I have an over 150 lb. Sulcata, two redfoots and a box turtle. 

They have a great suppliment called TNT.

debilyn[/u]


----------



## Tom (May 28, 2010)

debilyn said:


> Carolina Pet Supply
> 
> http://www.carolinapetsupply.com/catalog/
> 
> ...



Oh you've got to post pics of your sulcata. With a size reference please.

By the way. I've discovered http://www.tortoisesupply.com/, since my last post here.


----------



## DeanS (May 28, 2010)

Tom said:


> I buy most stuff at the hardware store. For everything else, I like LLL Reptile. They are also a supporter of our forum.



Yep! LLLReptile! I also use ebay seller *dorisviola* for opuntia pads (thornless)...This last order, she sent me a ton to grow.


----------



## Yvonne G (May 29, 2010)

I buy different things at different places. I love the freshness and variety of seeds from carolinapetsupply.com

tortoisesupply.com has a nice inventory of items for turtles and tortoises, including the hard-to-find eye ointment.

lllreptile.com has lots of different kinds of lights.

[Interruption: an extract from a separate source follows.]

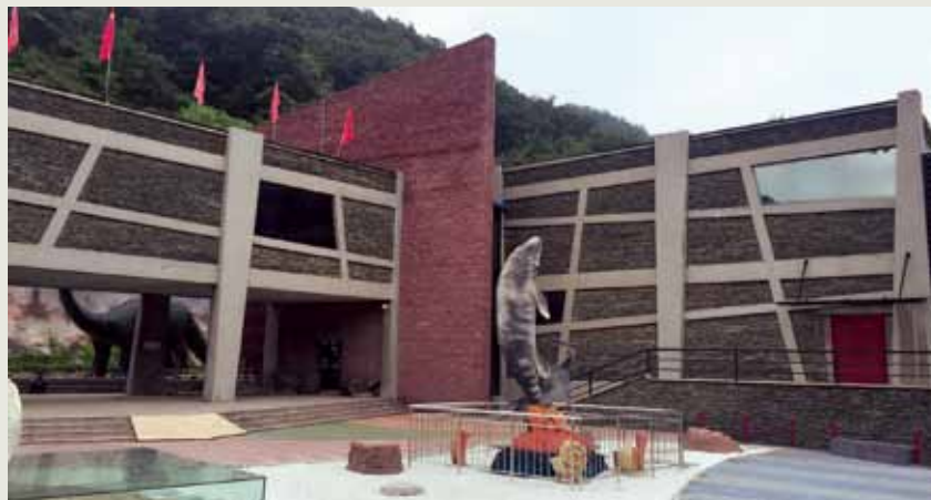
✦ Wangwushan-Daimeishan UNESCO Global Geopark Museum

I think if you limit yourself to only one place to shop you'll be paying more for your items. Shop around. That's the name of the game.


----------



## sammi (May 29, 2010)

I like LLLReptile too. I'm fortunate enough to live down the street from the actual store, and I can vouch for them that it is a nice, clean environment and all their little guys are well cared for.


----------



## DeanS (May 29, 2010)

TortoiseSupply.com used to be Bluebeast, right?


----------



## Kayti (May 29, 2010)

DeanS said:


> TortoiseSupply.com used to be Bluebeast, right?



Yep, same guy.

I use the google shopping feature- if you just search for an item, it shows you a list of prices to compare, and you can even calculate shipping. They have good reviews for a lot of products too. I ended up buying all of my ceramic heaters from an equestrian supply company, and they were way cheaper.

I've compared Reptile Supply and LLLReptile a bunch, and I usually find that Reptile Supply is just a tiny bit cheaper with shipping, but LLL has way better service and better selection.
Also, you'd be surprised how many pet supplies Amazon has, and usually with great prices too.


----------



## greeks (Oct 4, 2010)

I've been happy with the low low prices and service of Pet Mountain. They are not exclusively reptile supplies but they have any of the ZooMed, Exoterra, and so on brands for quite a bit less. I order most of my bulbs in bulk from them.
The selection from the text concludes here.